20 February 2024

US money supply growth has fallen into negative territory

My favourite economics metric -- what I call Corrected Money Supply Growth (CMS) -- has fallen below the 0% mark. This has never augured well for the US economy and, since what happens in the US affects the rest of us, for the world economy.

The last time CMS growth turned negative was during the Covid pandemic. But large infusions of cash into the wallets of American consumers meant that the US economy not only did not go into recession except briefly, but emerged better than before the pandemic.

CMS growth has been negative since August 2023. My impression is that we are seeing a replay of the Reagan years. Monetary policy is tight but fiscal policy is loose, mainly in the form of large military expenditures. The first effect will probably be rising inflation with a recession following later.

Category: Economics


03 April 2023

Why is yield-curve inversion such a good predictor of recessions?

A new paper of mine has been published in "real world economics review".

Title: Why is yield-curve inversion such a good predictor of recessions?

Abstract: Yield curve inversion has traditionally been ascribed to investor expectations. This paper shows instead that it is the result of changes in real variables like investment and consumption, and that these changes are set in motion by central bank actions.

Why is yield-curve inversion such a good predictor of recessions?

Category: Economics


08 October 2022

Peter Radford comments on my recent paper

Peter Radford has commented on my recent paper The Giant Blunder at the Heart of General Equilibrium Theory.

The comment can be read at We Need our Hutton

Category: Economics


01 October 2022

The US can weather another interest rate hike

Until a couple of years ago I used to regularly post graphs of the monetary measure that I called Corrected Money Supply (CMS). An important part of this measure was that it estimated the amount of precautionary savings held in M1 deposits and subtracted that to arrive at an accurate measure of money. The logic was that such precautionary holdings are not intended to be spent and hence do not qualify as money.

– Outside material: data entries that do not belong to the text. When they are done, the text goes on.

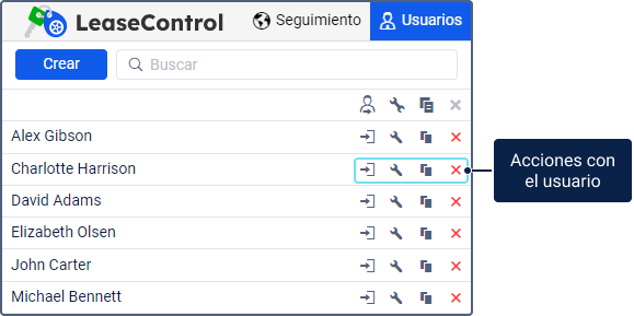 En la pestaña Usuarios se muestra la lista de todos los usuarios disponibles. Puede realizar las siguientes acciones con ellos: modificar o ver propiedades, copiar y eliminar. También puede crear nuevos usuarios y acceder al sistema como un usuario de la lista si usted tiene derechos de acceso. En la pestaña hay búsqueda dinámica por nombre de usuario.
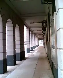 The neoclassical Main Block is built in Edwardian Free Style.[1] There is a traditional portico on both sides of Canton Road and Public Square Street.[3] The main entrance is a semi-circular portico set in the indented corner at the junction of Public Square Street and Canton Road. Such indented corners are features often used for feng shui reasons.[1]
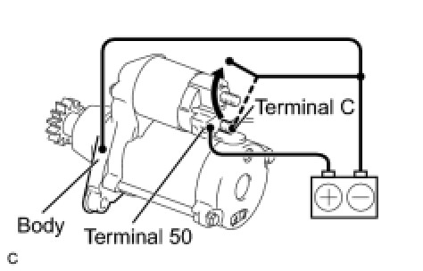 (1) Disconnect the negative (-) terminal lead from terminal C under the conditions for pull-in test. Check that the pinion gear remains out.
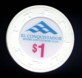 | 28. | El Conquistador Fajardo Puerto Rico, 1.00 White chip, H&C mold, circle inlay
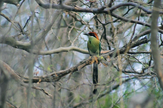 Para la región semiárida del valle del Motagua, se reportan 48 especies de mamíferos y 101 especies de aves (Valle et al. 2003), algunas de las cuales hacen uso del bosque de galería para proveerse de sitios de reproducción y alimento (TNC & FDN 2003). En cuanto a las aves, las familias Columbidae, Tyrannidae, Icteridade y Fringilidae, son suficientemente abundantes como para ser consideras características de la región (Land 1970). Vale la pena mencionar también que este valle es el único sitio donde se localiza al Momotus mexicanus en Centroamérica (Russet Crowned Motmot), y que a esta especie podría considerársele, entre otras, como indicadora de buena calidad de hábitat (Figura 4). Sin embargo, los estudios de aves realizados en esta zona recientemente (Pérez 2003; Nájera 2004), muestran que la mayoría de especies de aves registradas en el valle son generalistas y poco sensibles a la perturbación del hábitat.Figura 4. El valle del Motagua es el único sitio de distribución del Momutus mexicanus en Centroamérica
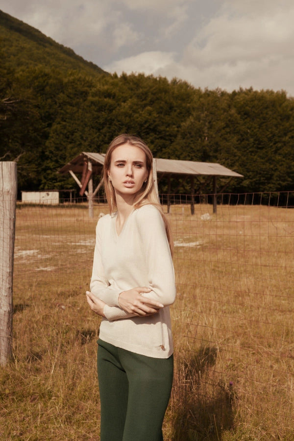 Questa maglia artigianale in pura lana merino rappresenta un capo senza tempo, perfetto per ogni occasione. Realizzato con una lavorazione a rasato sottile, il pullover è morbido, leggero e confortevole. Le maniche lunghe e lo scollo a V donano un’eleganza discreta, mentre i polsini alti aggiungono un tocco distintivo, contrastando con il fondo basso che conferisce un aspetto più rilassato.

Then in May 2020 the Federal Reserve Board merged savings and other deposits into M1, after which my old measure ceased to work. Recently I discovered that the Fed has a new series for savings deposits (https://fred.stlouisfed.org/series/MDLNM) beginning from June 2020, the month after which it changed its definition of M1.

Using the new series, I subtracted savings deposits from the new M1 to achieve continuity with the old M1 series. The results were quite surprising. In August YoY growth in Corrected Money Supply was running at 40%, suggesting that another rate increase would probably not push the US economy into recession. The graph below shows the figures. It also underlines why monetary aggregates are very important.

I do not believe that increasing interest rates will help reduce inflation. But reducing interest rates to near-zero levels merely inflates asset bubbles without boosting the real economy. Increasing interest rates now will prevent bubbles which then have to be punctured. Nevertheless, the Fed would be advised to moderate the quantum of its rate increases.

Category: Economics


22 September 2022

The giant blunder at the heart of General Equilibrium Theory

My new paper The giant blunder at the heart of General Equilibrium Theory has been published in real-world economics review.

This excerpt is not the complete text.